During a recent education course, we fielded the following question:  “How do you develop a proxy for a worst-case loan loss assumption when aggregating risks to net worth?”

This is a great question and it stimulated lively discussion.  While there is not one right way, the following method has been valuable in developing concentration risk limits designed to address credit risk.  This method looks back over a specified timeframe (a common, initial look-back is 5 years) and identifies the 6- or 12-month period that experienced the highest annualized loss rate for each loan category.  Each rate is then applied to the current balance of each respective loan category and totaled to come up with the dollars for the total worst-case loan loss assumption.  Frequently, a factor is added to answer, “what if we had to absorb losses beyond our worst historical experience?”  Common factors include increases of 33%, 50%, or even 100% above the worst historical experience.

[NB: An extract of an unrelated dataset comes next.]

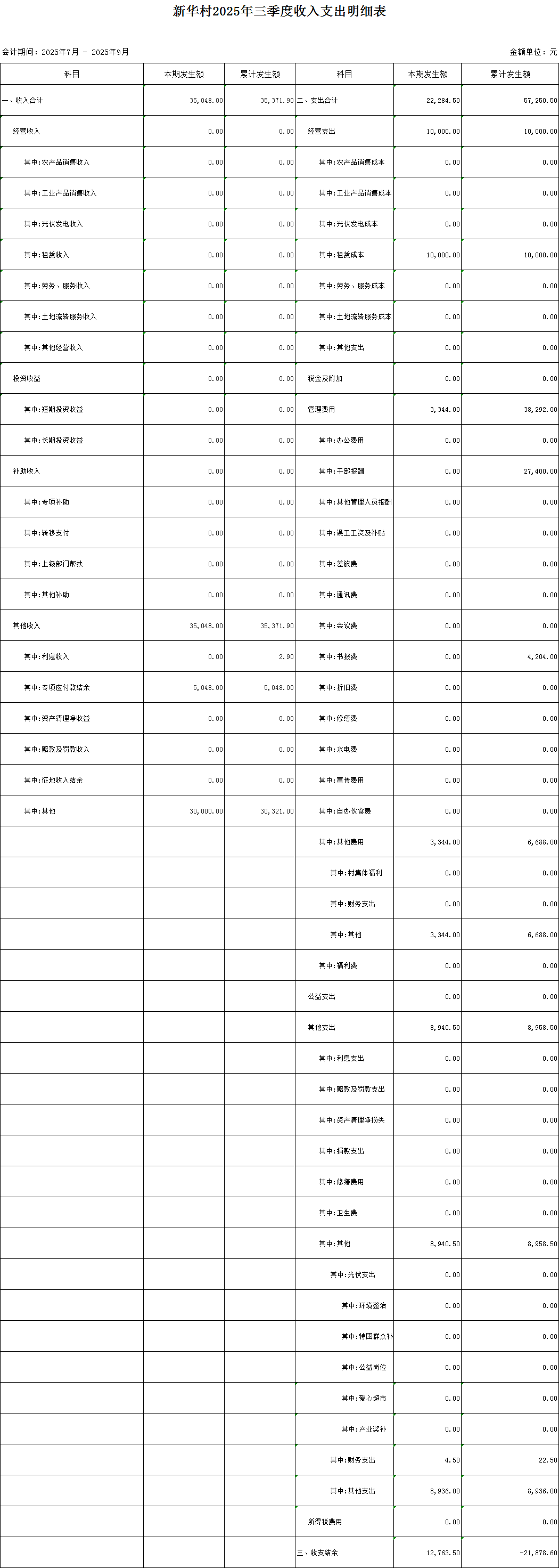 【財務收支】小松鎮(zhèn)新華村2025年3季度財務收支公示

With many credit unions having just come out of their worst credit loss experiences in memory, this method captures and utilizes the information gained during that environment.  This method is easily reproducible on a periodic basis and can be re-evaluated annually to ensure that the risks are sufficiently captured.  As time progresses, and as loss histories for various loan categories continue, the loss rates may need to be adjusted to account for new loss experiences in order to keep the spirit of capturing a “worst-case” environment.  This process will help to ensure that a credit union’s management and board do not lose sight of the credit union’s worst credit loss experiences.

Whether or not the above methodology is utilized, one thing is abundantly clear—documenting the rationale behind a worst-case loan loss assumption is an absolute must!